= Common traffic advisory frequency =

VHF radio frequency used in air-to-air communication

Common traffic advisory frequency (CTAF) is the name given to the VHF radio frequency used for air-to-air communication at United States and Australian non-towered airports.

Many towered airports close their towers overnight, keeping the airport open for cargo operations and other activity. Pilots use the tower frequency to coordinate their arrivals and departures safely, giving position reports and acknowledging other aircraft in the airfield traffic pattern.

In many locations, smaller airports use pilot-controlled lighting systems when it is uneconomical or inconvenient to have automated systems or staff to turn on the taxiway and runway lights. In Canada, the lighting system is accessed through an aircraft radio control of aerodrome lighting (ARCAL) frequency, which is often shared with the CTAF.

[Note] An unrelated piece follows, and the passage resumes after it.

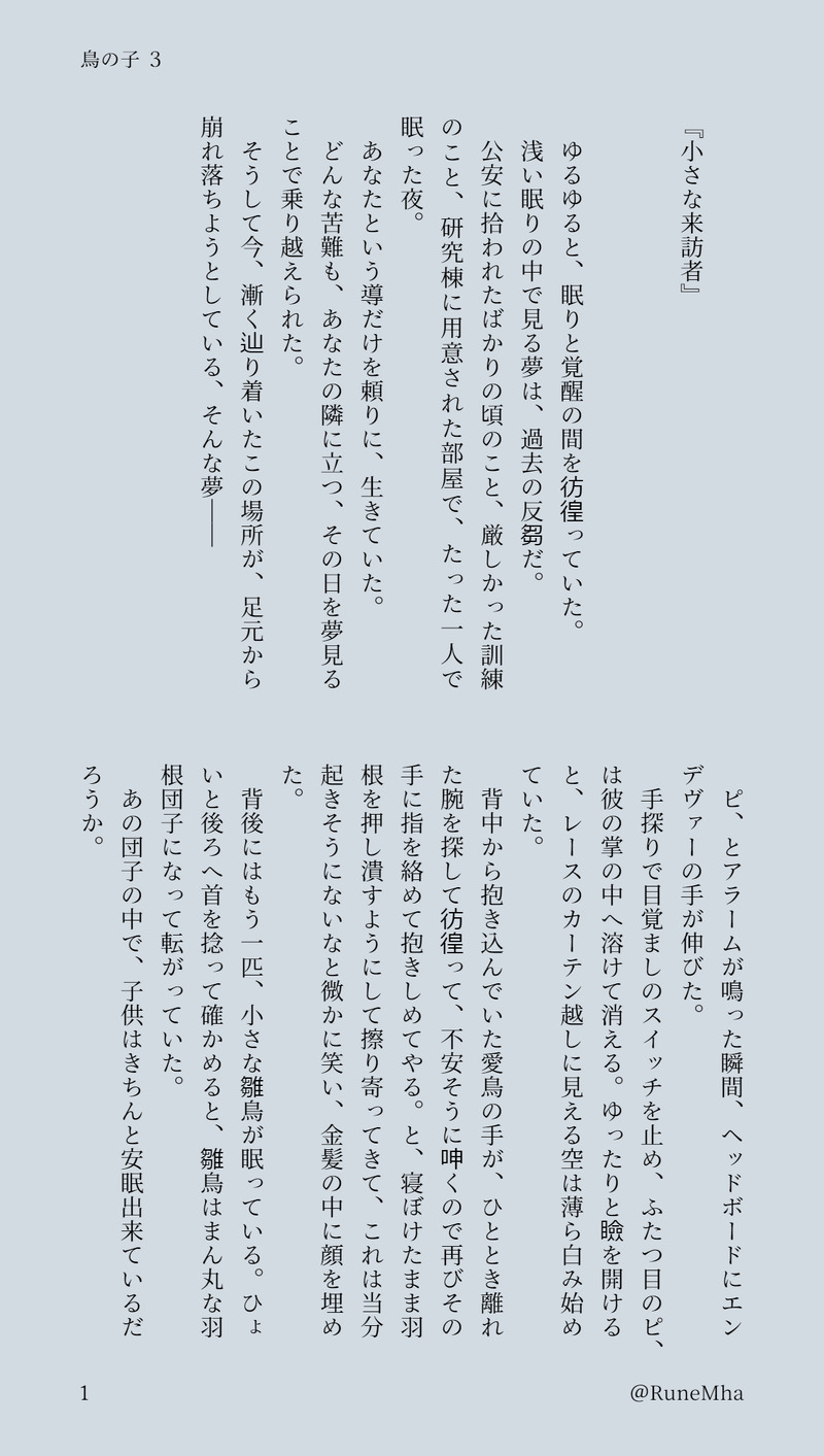 Rune☆quiet followDONE炎ホ 鳥の子 3(1/7)「小さな来訪者」・炎ホ結婚してる。(婚姻届提出済)・年齢操作あり(炎52、ホ30)(その割に年食った感がない)・設定捏造過多やっと新規入りましたうぇーぼ!https://wavebox.me/wave/eyomzjbrmtdygc4e/#enho_torinoko show all(+27 images) Tap to full screen (size:1236x2184).Repost is prohibited Let's send reactions! freqpopularsnackothersPayment processing Replies from the creator Follow creator you care about!☆quiet follow RuneDOODLEとりのこ11「救出」炎ホ 🦅が子供を拾ってくる話 ヴィランに連れ去られたそらたちは、なんとか逃げ出そうと画策する。🍰たちも子供たちの後を追うが―ー前半は超絶つまんない回の続きである。頑張って後半まで読んでやって欲しい…すまない…漸くしちゃうと全部ネタばれになってしまう… 26 RuneDONEとりのこ10「水族館に行こう!」炎ホ 🦅が子供を拾ってくる話 冬美の家に預けられることになったそら。いとこ(?)の雄太と、🍰たちと一緒に水族館へ遊びにいくことになる。炎もホも一切でてこない…超絶つまんない回だが、ここを経なければ先へ進めないので、読み飛ばしたい人は、最後の31pに要約書いとくんで、そこ読んでください。 31 RuneDONEとりのこ9(1/27)「絆の行方」炎ホ 🦅が子供を拾ってくる話(やってくるんじゃなかったわね…前回間違えちゃった) 漸く二人きりになり、言葉を交わすことができるようになる。ホの選択に、炎は―冒頭のぬればをカットしたので、ワンクッションだけにしますね… 27 RuneDONEとりのこ8閑話生田の日誌と剥原の胸糞論文持ち帰った資料の確認。あまり面白くない回ですね私としては種明かし的な感じ。こっからが炎の踏ん張りどころ…頑張れ…。 12 RuneDONEとりのこ 7 「絶望の果て」🦅が子供を拾ってくる話捏造過多第三分室から戻ってきたホは、黒い箱とファイルを持ち帰っていた。その顔からは表情が削げ落ち、殺意と諦観だけがその目に宿る― 35 RuneDONEとりのこ 6🦅が子供を拾ってくる話。捏造過多。闇公安…。 28 related works RuneDONE炎ホ 鳥の子 0「婚姻届を出したら公安が飛んでくる話。」・炎ホ結婚してる。(婚姻届提出済)・年齢操作あり(炎52、ホ30)(その割に年食った感がない)・設定捏造過多既出再掲。手直ししてますので、現行の原作軸に沿わせてます#enho_torinoko 13 RuneDONE炎ホ 鳥の子 3(1/7)「小さな来訪者」・炎ホ結婚してる。(婚姻届提出済)・年齢操作あり(炎52、ホ30)(その割に年食った感がない)・設定捏造過多やっと新規入りましたうぇーぼ!https://wavebox.me/wave/eyomzjbrmtdygc4e/#enho_torinoko 28 recommended works 星いもDONE【炎ホ中華パラレル】🐰将軍と🦅将軍このふたりのやりとりはずっと描きたかったので、前回のと合わせてやっと描けて満足です 3 only_death_onlyDOODLEU두로만 가도록 열심히 개발 중 raibouDONE10/09炎ホーwebオンリー掲載作品。パスワードは会場内キャプションに記載。眠れないエンデヴァーさんを介抱するホークスだったが……的な話です。原作後の時間軸想定ですが、36巻の情報を反映していないなど、色々ふんわり軸です。 4059 モジモジDONE大きい原点と一緒におやすみ🌙 夜渦ヤウズMOURNING炎ホーのファンタジーパロのような何か増えてきたのでひとまとめ 8 furanko23DOODLE炎ホ初夜🦅「や…やっぱちょっと待ってください…!」🔥「(俺は試されているのか…?)」挿入寸前でやっぱり怖くなってきたホと寸止めを食らう炎さん⚠️R18(ぬるいですが一応)18歳以上・高校卒業済の成人した方ですか?(yes/no) モジモジDOODLEちゅー 4 モジモジDONE二人でバカンス雛鳥ちゃん達にファンサする🦅と🔥 夜渦ヤウズDOODLE炎ホ「ホークスは軽いな、羽が生えてるみたいだ」をやってほしかったまぁ生えてる 3

Two common CTAF allocations are UNICOM and MULTICOM. UNICOM is a licensed non-government base station that provides air-to-ground and ground-to-air communication, and may also serve as a CTAF when in operation. MULTICOM is a frequency allocation without a physical base station that is reserved as a CTAF for airports without other facilities.

== Australia ==
In Australia, there are many landing strips in remote locations that have CTAF operations 24 hours a day, seven days a week. There are also CTAF(R) landing strips which require the aircraft intending to enter the area of operation to be fitted with a radio. The most common CTAF frequency is 126.7 MHz at non-towered aerodromes, except for when two CTAF airports are near each other. Aerodromes using CTAF outside tower hours typically nominate a frequency that is used during tower hours.

== United States ==
UNICOM and a CTAF may be mutually exclusive, but this is not always the case. In the United States, many non-towered airports use the same frequency for both UNICOM and CTAF purposes. Pilots are advised to check their sectional charts and/or Chart Supplement (formerly Airport/Facilities Directory) to determine the appropriate frequency for CTAF prior to operating at any given airport.

== United Kingdom ==
Unlicensed aerodromes in the United Kingdom often recommend pilots communicate with each other using SAFETYCOM, currently 135.480 MHz. However, most gliding clubs use the Glider Ground Station Common Field Frequency, currently 129.975 MHz.